A new study commissioned by the hard-discounter Lidl US demonstrates its market entry was offsetting larger impacts of food-price inflation on Long Island, N.Y., with competitors surrounding Lidl’s first four stores there cutting prices by up to 15%--a rate considerably more aggressive than what typically greets a Walmart entry.
Katrijn Gielens, professor of marketing at UNC Kenan-Flagler, led the study, which followed a similar look at the so-called “Lidl Effect” in 2018. In that study, Gielens found that retailers near Lidl stores had lower prices on key staple items like milk, as compared to markets where Lidl is not present.
Her latest study captures prices on 47 items both before and after Lidl entered the Long Island market, through its acquisition and subsequent conversion of four conventional Best Market stores in the Long Island towns of Center Moriches, West Babylon, Huntington and Patchouge. This analysis, she said, indicated those surrounding units raised prices slightly upon the closure of Best, then cut them significantly as those sites reopened under the Lidl banner.

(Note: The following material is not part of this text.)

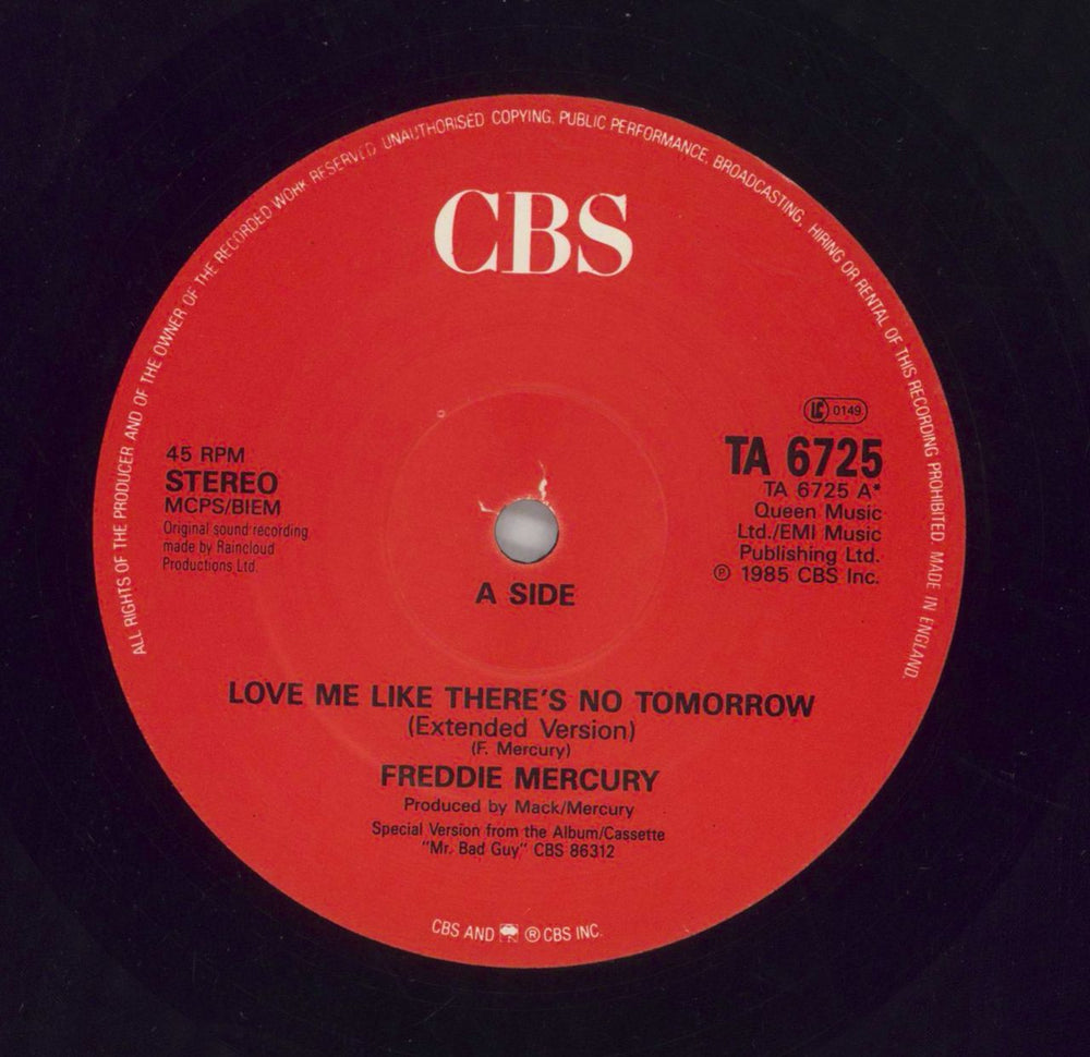 FREDDIE MERCURY Love Me Like There's No Tomorrow (1985 UK 12" vinyl single featuring Extended Version plus Let's Turn It On [Extended Version]. The glossy picture sleeve shows some corner creasing and ringwear, whilst the vinyl displays a fewvery light cosmetic scuffs, none of which are raised and would not impact play TA6725)

“The main conclusion here is that it’s not just the fact that you have an additional store where you can shop at nice prices, but that the presence of that store will also keep the prices at all the other retailers in check,” Gielens said in a conference call discussing the study’s results. “So overall, it actually creates a sort of consumer value surplus. … From a welfare point of view, if you want to call it that, this type of competition is really beneficial in the sense that it really translates into dollar savings and price savings, despite the fact that we are currently living in a more of an inflationary type of period.”
Gielens said she conducted the research independently of the Alexandria, Va.-based retailer, but there are benefits to Lidl ahead in the form of at least another 20 Best Market-to-Lidl conversions on Long Island still to come, and in markets affected both by a recession and a reduced amount of “shopping around” that has come with safety concerns amid the coronavirus.
“If consumers were going to three or four different stores before COVID, they’re now going to just one or two,” said Edris Bemanian, CEO of Engage3, the Davis, Calif.-based pricing strategy firm. “So it’s critical to get pricing right.”
Bemanian, who reviewed the study on behalf of WGB, noted that it would appear to reflect macro trends of retailers moving to localize and tailor their prices even to the shelf level, and increased price transparency that has come with online shopping. “Consumers are paying attention,” he said. These more sophisticated pricing strategies are helping U.S. retailers meet the challenge of their efficient rivals while sidestepping the kind of large-scale pricing bloodbaths that accompanied their expansion in places like Europe, Bemanian added.
Interestingly, the study noted even Lidl’s hard-discount rival Aldi found room to reduce prices upon the arrival of the German counterpart. Aldi prices increased by 2.1% upon the closure of Best, then slashed them by 14.9% as Lidl arrived. That represented the largest percentage cut of the eight retailers included in the study. Aldi’s prices are currently at parity with Lidl, Gielens noted, along with those at Costco and Walmart. Those retailers represented the next largest adjustments to the new entry, lowering prices by 8.5% and 8.3%, respectively.
Other chains in the study also slashed prices but less aggressively and remain priced at a premium to Lidl for the studied items. Stop & Shop cut prices by 5.3%; BJ’s by 5.2%; Trader Joe’s by 4.2%; Target by 4.1%; and King Kullen by 3.8%.
Prices at Lidl were substantially lower compared to competing retailers on Long Island. Based on data collected before there were supply shortages due to the pandemic, Lidl’s food prices were about 45% lower than specialty retailer Trader Joe’s; 39.6% lower than King Kullen; and 33.8% lower than Stop & Shop.
The price-cutting effect, Gielens noted, was more pronounced than previous academic findings about Walmart’s entry into a new market where price decreases typically varied between 1% and 2.5%.